* **Source data**:
+ + + +

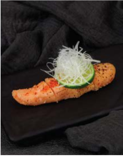
Aburi Mentai torched marinated roe IDR 65
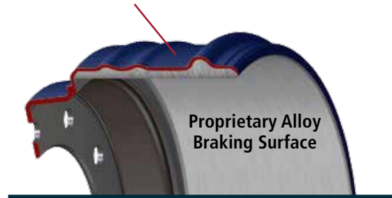
Steel Shell for Enhanced Performance

Save up to 232 pounds using CentriFuse Lite. Increase miles per gallon and/or revenue-producing payload.
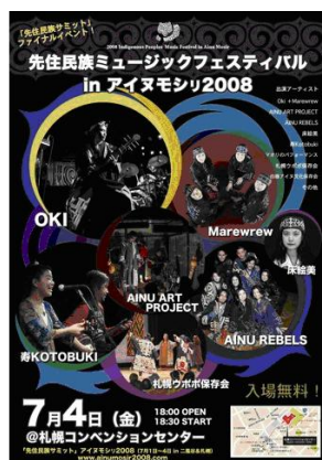
Indigenous Music Festival in Ainu Mosir 2008 poster (Design: W. L. Ding-Everson)

fundamentally unsustainable. The declaration urges non-signatory nations to approve DRIP immediately and asks that indigenous peoples be included in future climate talks and assessments to evaluate the impact of climate mitigation measures. Both documents were submitted to the Ministry of Foreign Affairs for distribution to G8 leaders and posted online. With these appeals now circulating globally, IPS organizers have now begun focusing specifically on recommendations to the government-established Expert Meeting in Japan, because this panel will determine future Ainu policy by July 2009. They will also continue to strengthen international ties established through the IPS to hold the Japanese government accountable to Ainu and fellow minority communities across Japan, and to indigenous peoples worldwide.
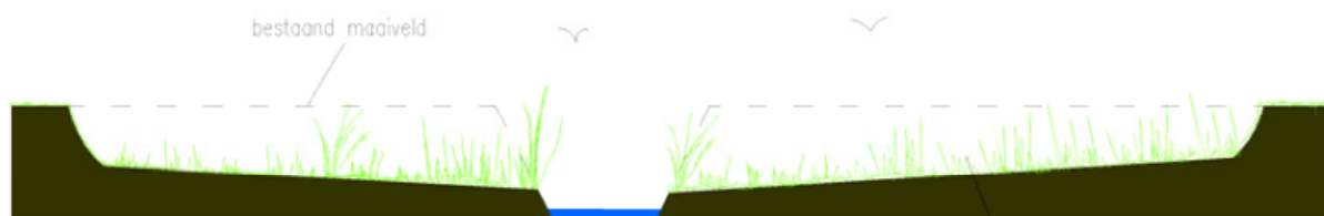
Figure A - 9 Section of a watercourse with eeuwkanthen in Auvergne Polder
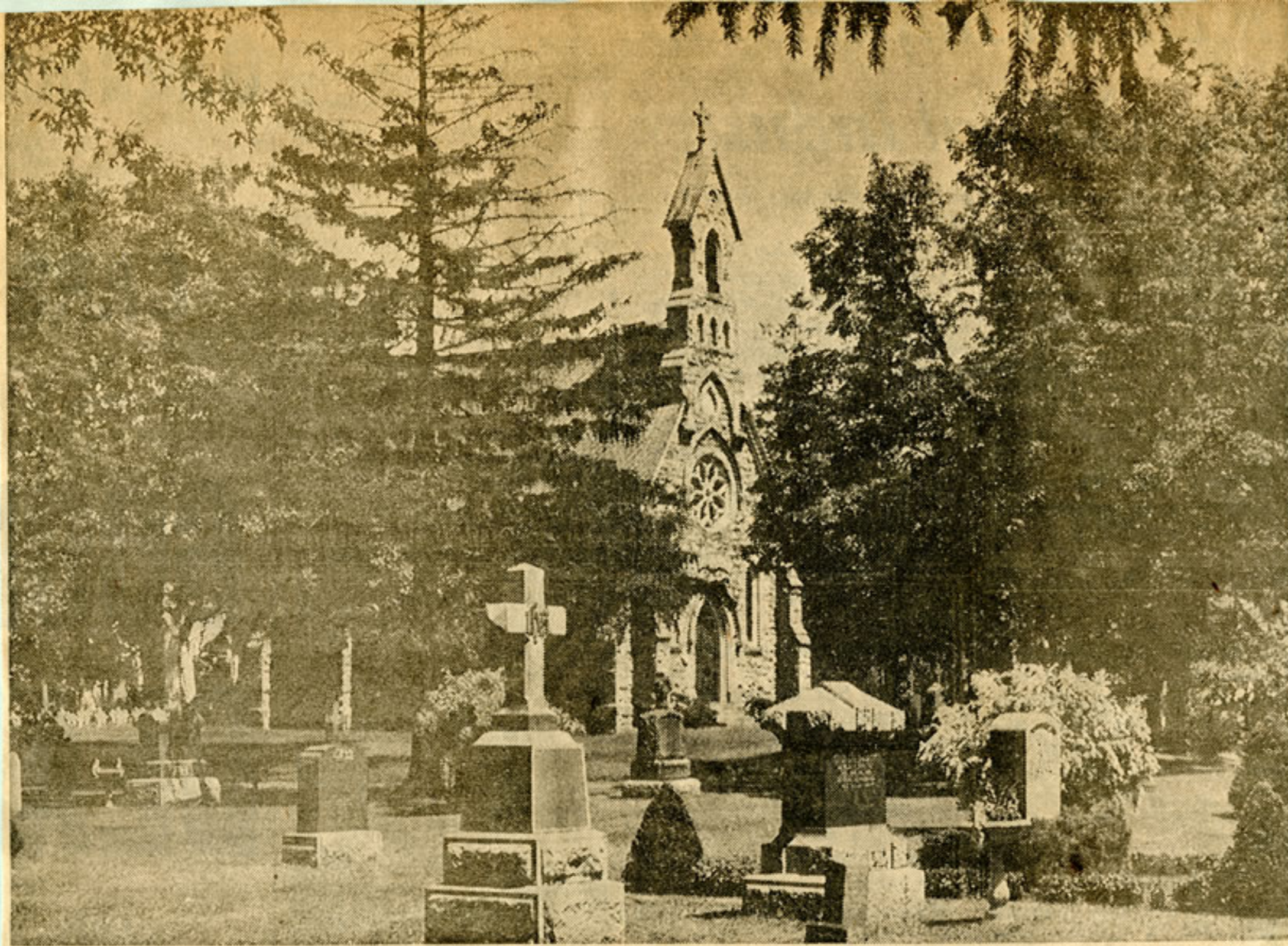
THE OLD . . . First Roman Catholic church in Aldershot was this burial chapel at Holy Sepulchre Cemetery. Masses were held here in this sylvan setting for four years prior to the opening of the new church.

+ + + +

* **What you should do**: Retype each line of the data exactly, beginning with the first; include the line containing "Indigenous Music Festival" and stop there, skipping every picture.

* **Solution below**:
Aburi Mentai torched marinated roe IDR 65
Steel Shell for Enhanced Performance

Save up to 232 pounds using CentriFuse Lite. Increase miles per gallon and/or revenue-producing payload.
Indigenous Music Festival in Ainu Mosir 2008 poster (Design: W. L. Ding-Everson)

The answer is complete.